Dissertation
Understanding and improving Markov chain Monte Carlo methods in high dimensional problems
University of Iowa
Doctor of Philosophy (PhD), University of Iowa
Spring 2020
DOI: 10.17077/etd.005463
Abstract
In fields such as statistics, econometrics, physics, and biology, Markov chain Monte Carlo (MCMC) methods have been widely recognized as powerful computing tools to analyze complex probability distributions and estimate unsolvable integrations. However, evidences have shown that a naive application of basic MCMC methods is not feasible for problems involved in high dimensional probability distributions. In this thesis, we focus on understanding and improving MCMC methods in high dimensional problems.

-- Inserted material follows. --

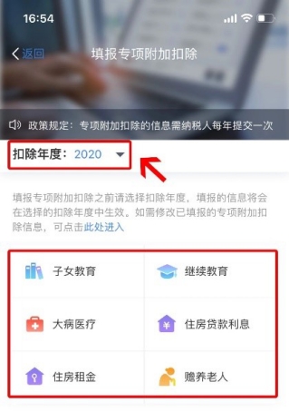 第二步:选择扣除年度“2020”,再选择需要填写或修改的专项附加扣除。
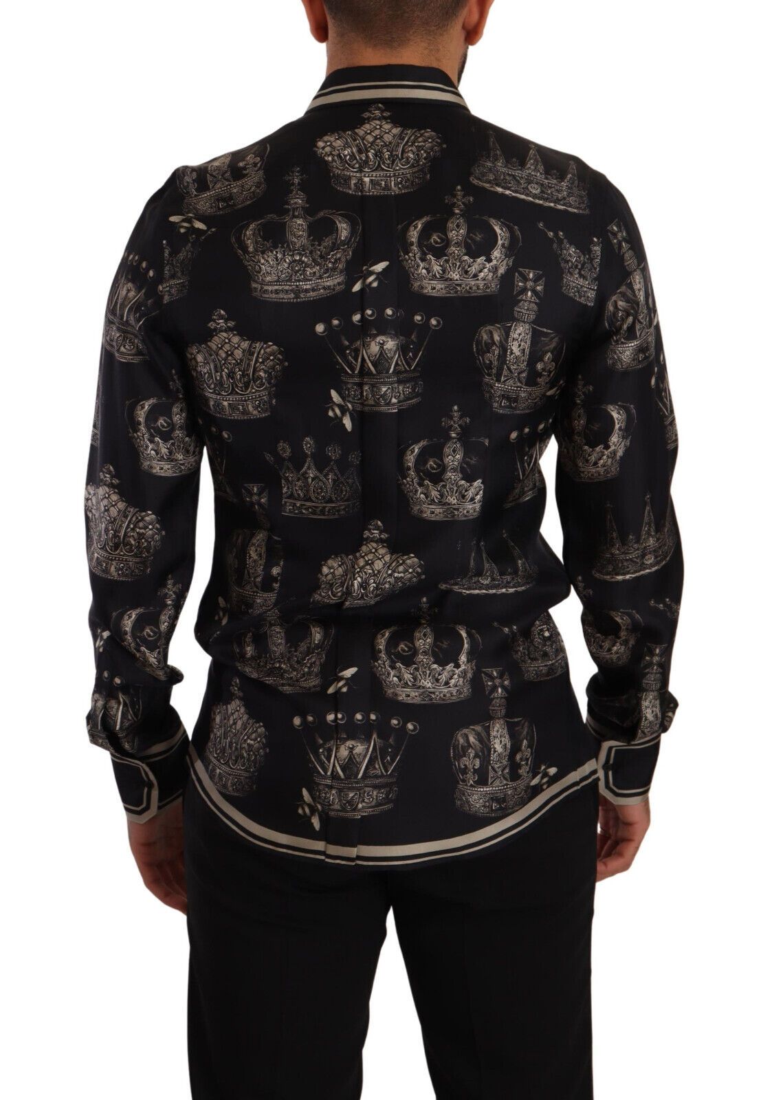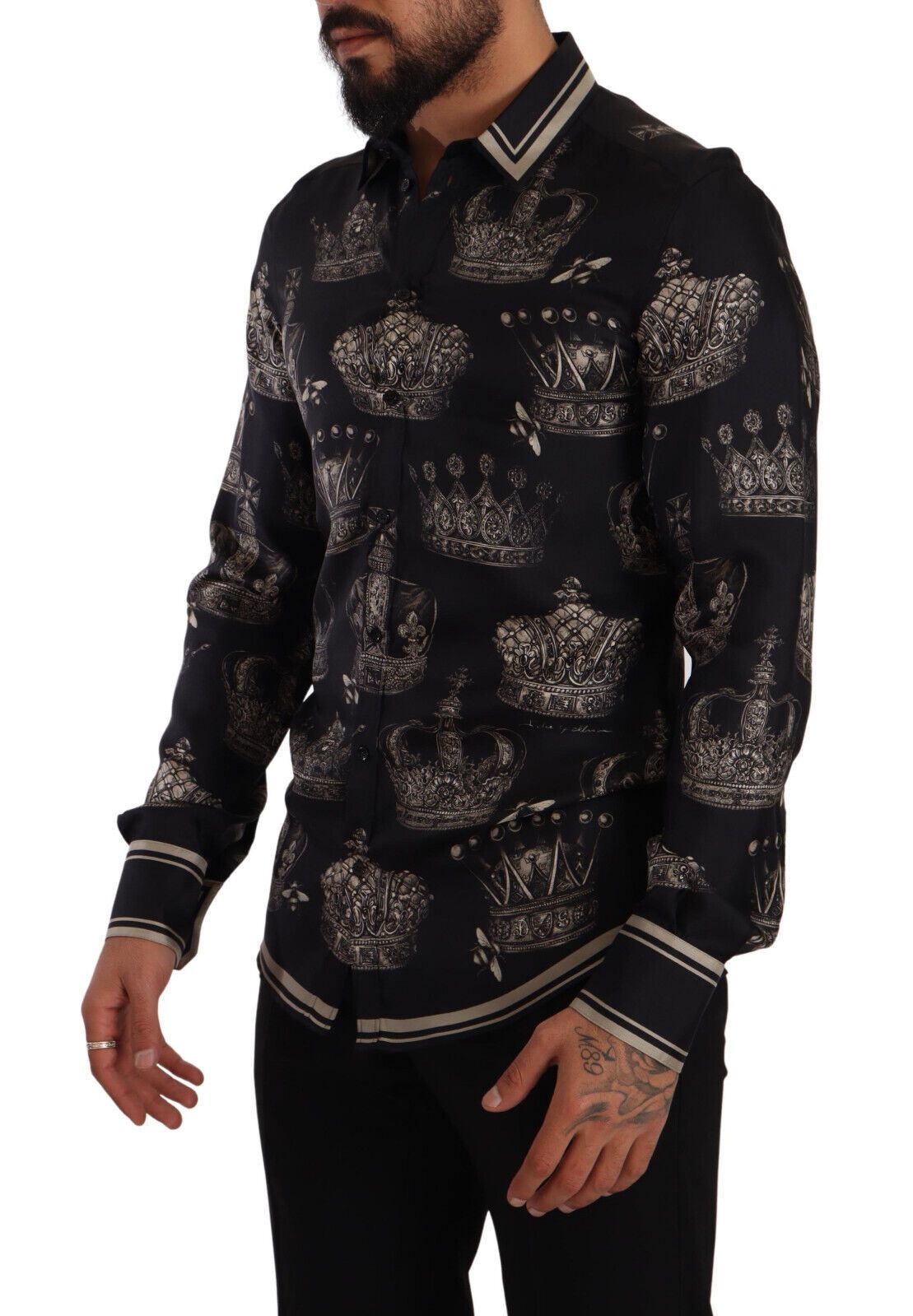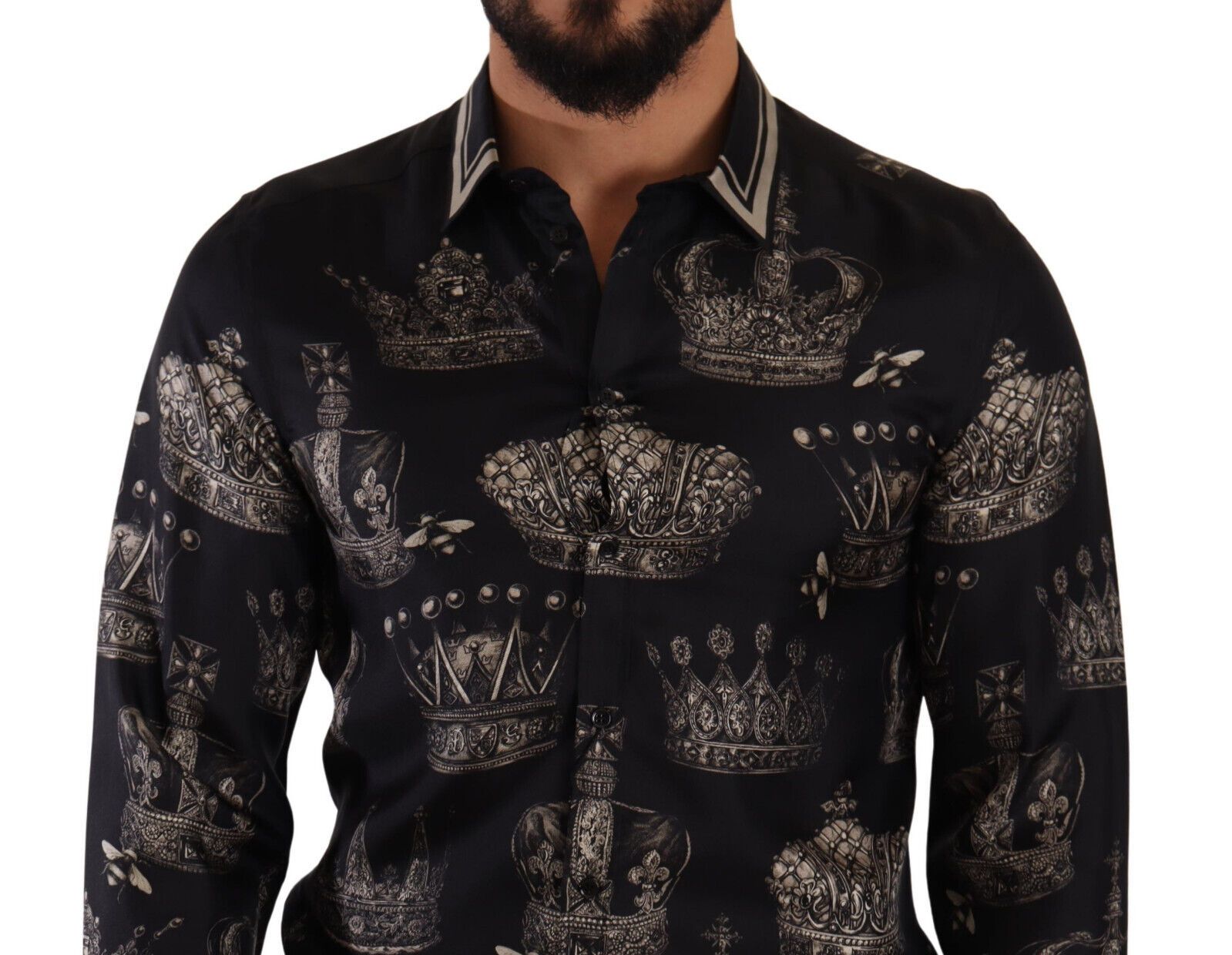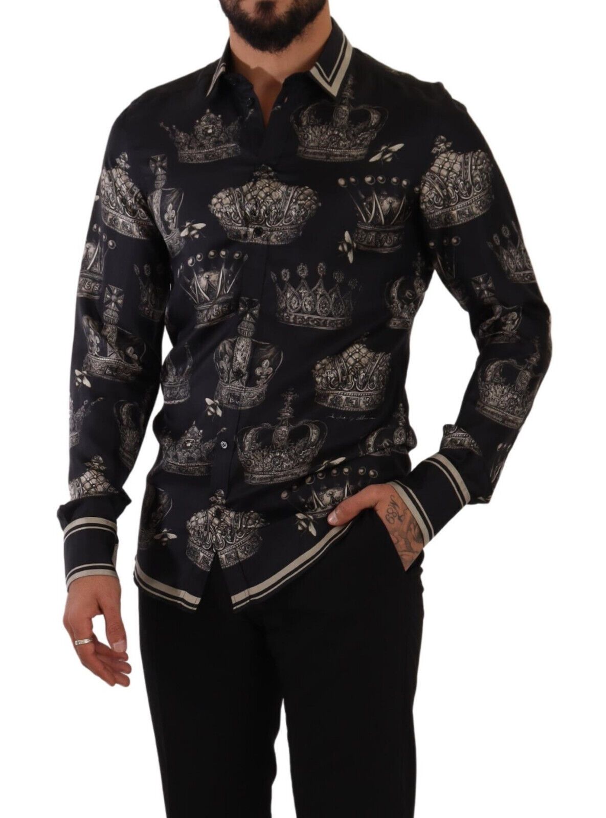Discover the essence of sophistication and luxury with our stunning slim fit shirt. Expertly crafted from 100% pure silk, this black shirt boasts a regal crown print, embodying the distinctive style of Dolce & Gabbana. Made in Italy, it features full front button closure and exquisite logo details, tailored to exude elegance for any occasion.

We first consider improving existing MCMC methods for three commonly used Bayesian shrinkage models, namely, the Bayesian group lasso, the Bayesian sparse group lasso, and the Bayesian fused lasso models. We propose two-block Gibbs samplers for sampling from their posterior distributions. Our new algorithms effectively alleviate the impact of high dimensionality and posterior dependence using a blocking technique. We prove their convergence and spectral properties, and show their computational efficiency through simulated and real data examples.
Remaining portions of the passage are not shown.